-- DATASET EXTRACT follows --
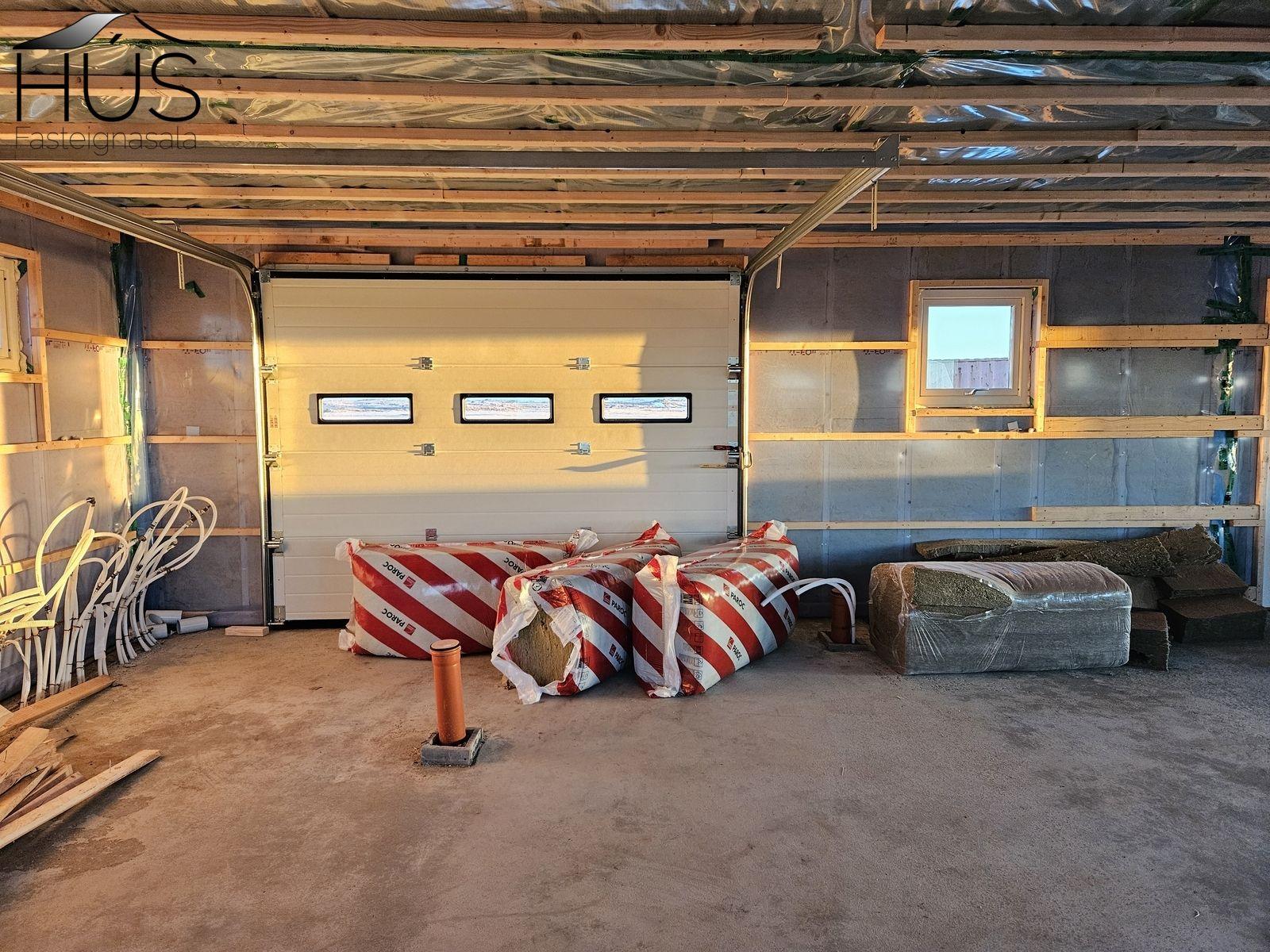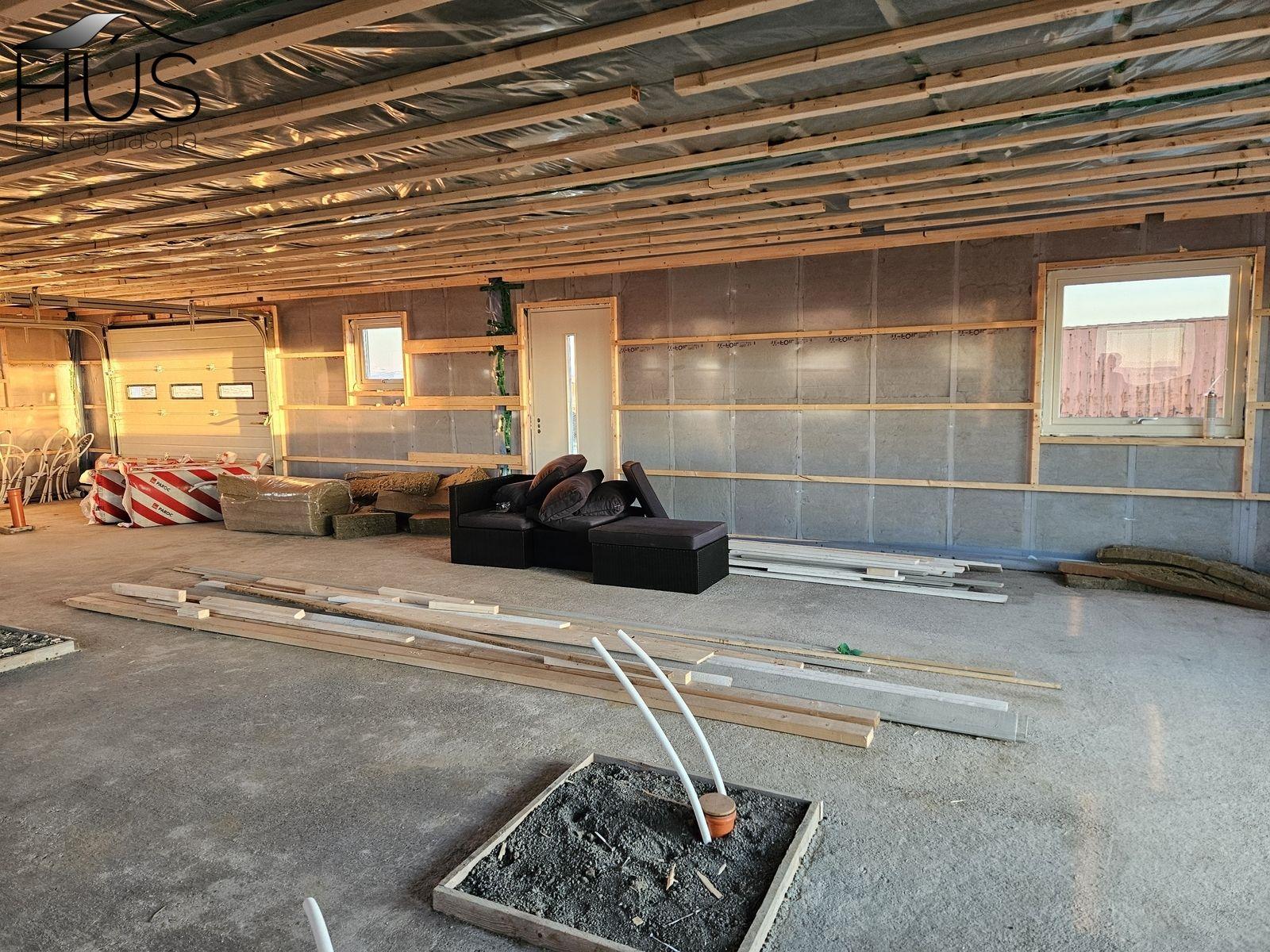 Húsið er komið með fokheldisúttekt en er komið lengra þar sem búið er að einangra og plasta úthring og setja upp rafmagnsgrind. Heimtaug rafmagns greidd. Gólfhitalagnir steyptar í gólfplötu. Gámur með byggingarefni fylgir með. (spónaplötur og gifs í innveggi)
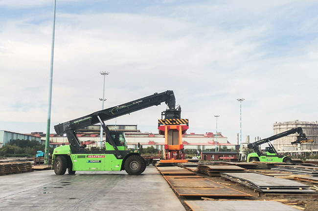 在西北某大型钢铁企业作业现场,规模化投入的K8凯发·国际官方网站纯电动正面吊,配备专用电磁吊具,从容应对钢板与集装箱的混合装卸。在持续高强度、复合化作业挑战下,设备保持超10小时的全天候可靠续航,更以高出勤、低故障的稳定表现,赢得客户高度认可。
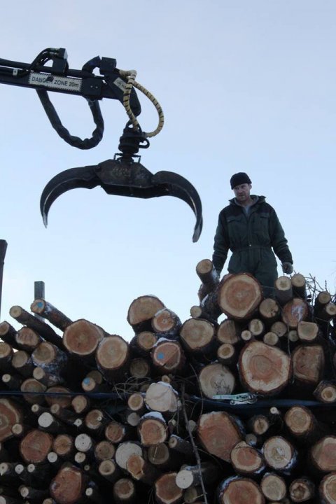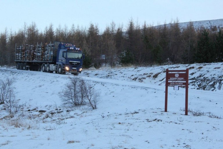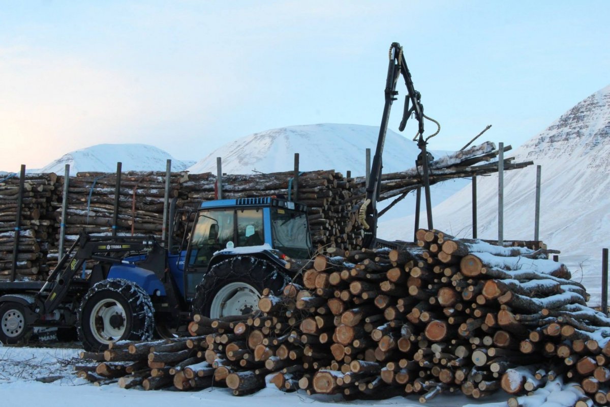 Dráttarvél stendur milli stafla af trjábolum og vöruflutningabíls sem er nær fulllestaður af bolum. Verið að hífa kippu af bolum yfir á bílinn í björtu vetrarveðri með dálitlum snjó á jörð
-- DATASET EXTRACT concluded --
WHAT THE TASK REQUIRES —
Across the whole listing, reproduce each line verbatim and exclude every picture.

EXERCISE RESPONSE —
 Húsið er komið með fokheldisúttekt en er komið lengra þar sem búið er að einangra og plasta úthring og setja upp rafmagnsgrind. Heimtaug rafmagns greidd. Gólfhitalagnir steyptar í gólfplötu. Gámur með byggingarefni fylgir með. (spónaplötur og gifs í innveggi)
 在西北某大型钢铁企业作业现场,规模化投入的K8凯发·国际官方网站纯电动正面吊,配备专用电磁吊具,从容应对钢板与集装箱的混合装卸。在持续高强度、复合化作业挑战下,设备保持超10小时的全天候可靠续航,更以高出勤、低故障的稳定表现,赢得客户高度认可。
 Dráttarvél stendur milli stafla af trjábolum og vöruflutningabíls sem er nær fulllestaður af bolum. Verið að hífa kippu af bolum yfir á bílinn í björtu vetrarveðri með dálitlum snjó á jörð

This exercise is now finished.